Toolkits > com.ibm.streamsx.nlp 1.9.2 > com.ibm.streamsx.nlp > TfIdfWeight
This operator determines how meaningful a term/word in a text is related to a previously trained model (corpus).
Required: corpusFile, defaultIDF, documentAttribute
Optional: nTopWeightedTerms, termAttribute
Tuples for TF-IDF calculation
This input port tuple contains the filename of the corpus file to load. You can also change the defaultIDF value with this control port tuple. Supported tuple attributes are rstring corpusFile and/or float64 defaultIDF.
The original argument expression is submitted.
This function generates a list of terms and corresponding TF-IDF value.
Example use:
stream<rstring text,list<tuple<rstring term, float tfidf>> result> A = TfIdfWeight() { param ... output A : result = WeightedTerms(); }
This function generates a list of terms and corresponding TF-IDF value limited to the number of term specified by the parameter nTopWeightedTerms.
Example use:
stream<rstring text,list<tuple<rstring term, float tfidf>> result> A = TfIdfWeight() { param ... output A : result = TopWeightedTerms(); }
This mandatory output port sends the tf-idf tuples from the documents received on input port 0.

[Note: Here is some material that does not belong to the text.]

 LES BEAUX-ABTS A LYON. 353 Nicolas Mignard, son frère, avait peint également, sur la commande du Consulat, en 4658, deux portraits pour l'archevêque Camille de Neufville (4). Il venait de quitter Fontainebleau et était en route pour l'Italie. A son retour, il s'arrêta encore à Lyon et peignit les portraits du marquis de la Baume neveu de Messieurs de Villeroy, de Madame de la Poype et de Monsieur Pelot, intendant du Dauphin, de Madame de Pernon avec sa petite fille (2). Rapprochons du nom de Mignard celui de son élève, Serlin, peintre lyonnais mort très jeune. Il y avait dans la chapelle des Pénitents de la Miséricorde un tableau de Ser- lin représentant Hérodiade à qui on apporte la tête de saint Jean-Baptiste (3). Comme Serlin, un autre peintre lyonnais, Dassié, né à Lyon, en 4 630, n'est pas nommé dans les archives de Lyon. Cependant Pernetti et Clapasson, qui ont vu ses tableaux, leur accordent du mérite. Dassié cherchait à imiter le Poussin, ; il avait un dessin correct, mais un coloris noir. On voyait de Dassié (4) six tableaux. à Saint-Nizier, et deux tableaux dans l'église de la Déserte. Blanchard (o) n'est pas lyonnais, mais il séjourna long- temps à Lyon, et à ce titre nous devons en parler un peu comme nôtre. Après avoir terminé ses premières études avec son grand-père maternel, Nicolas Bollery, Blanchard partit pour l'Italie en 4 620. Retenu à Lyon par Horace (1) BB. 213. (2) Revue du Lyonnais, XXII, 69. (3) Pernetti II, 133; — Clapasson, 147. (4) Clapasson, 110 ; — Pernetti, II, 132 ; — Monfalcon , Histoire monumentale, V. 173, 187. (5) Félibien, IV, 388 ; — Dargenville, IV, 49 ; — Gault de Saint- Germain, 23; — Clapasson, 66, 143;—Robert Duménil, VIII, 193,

Required: corpusFile, defaultIDF, documentAttribute
Optional: nTopWeightedTerms, termAttribute
Filename of the corpus file read at operator initialization. If relative path is used, then root is application directory. It is recommended to store the file in etc directory.

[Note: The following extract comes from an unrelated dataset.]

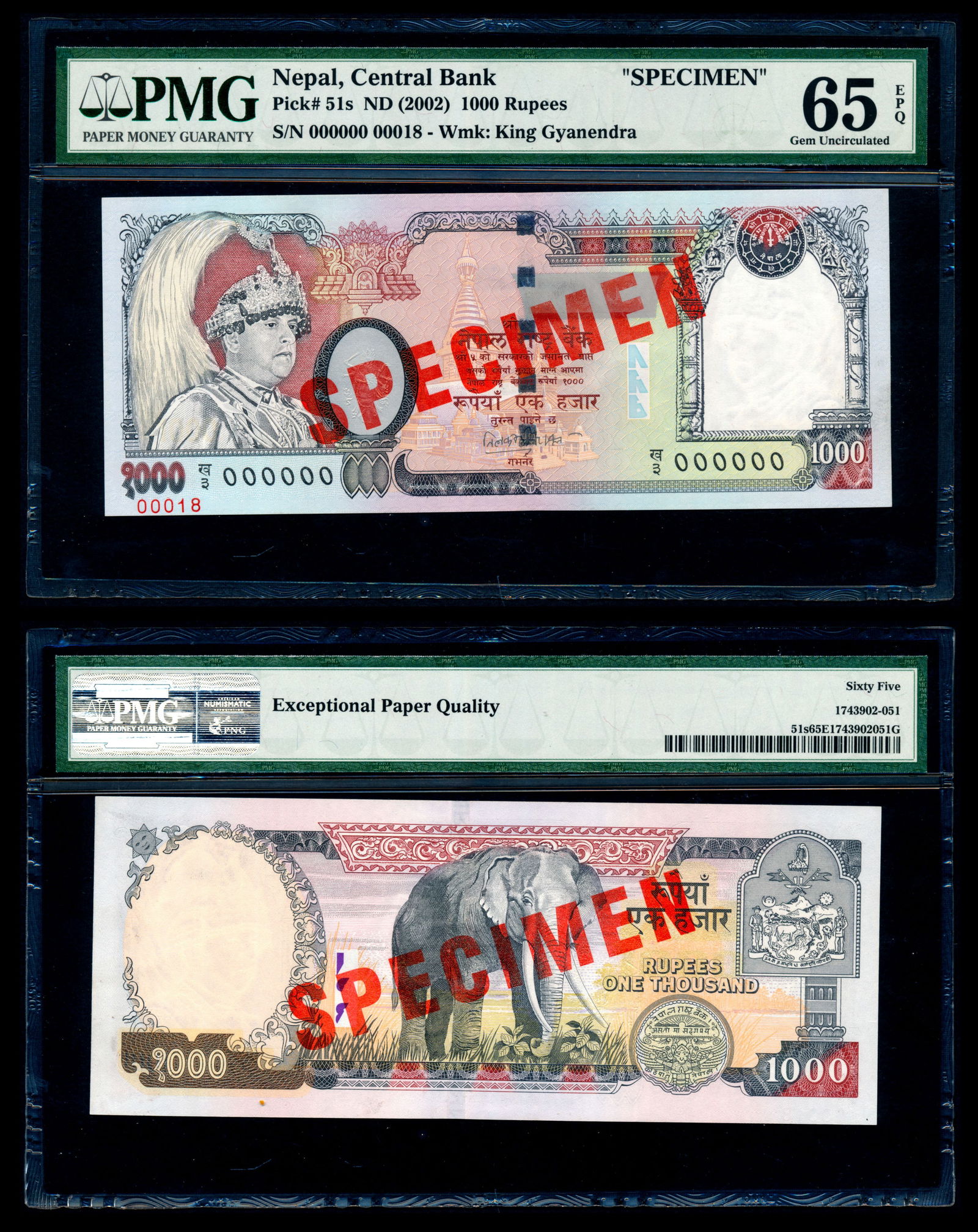 Nepal 1000 Rupees 2002 specimen PMG

The IDF value if term is not in the corpus.
The input stream attribute containing the document. It must be of type SPL::rstring, SPL:list%ltrstring%gt or SPL:list%lttuple%ltrstring term%gt%gt
Limits the number of terms in the output list. If this parameter is not specified, then all terms are in the output list. This parameter is relevant for the custom output function TopWeightedTerms() only.
The attribute containing the term if documentAttribute is of type SPL:list. If this parameter is not specified, then the SPL:list tuple must contain an attribute with the name term or the first attribute is of type rstring.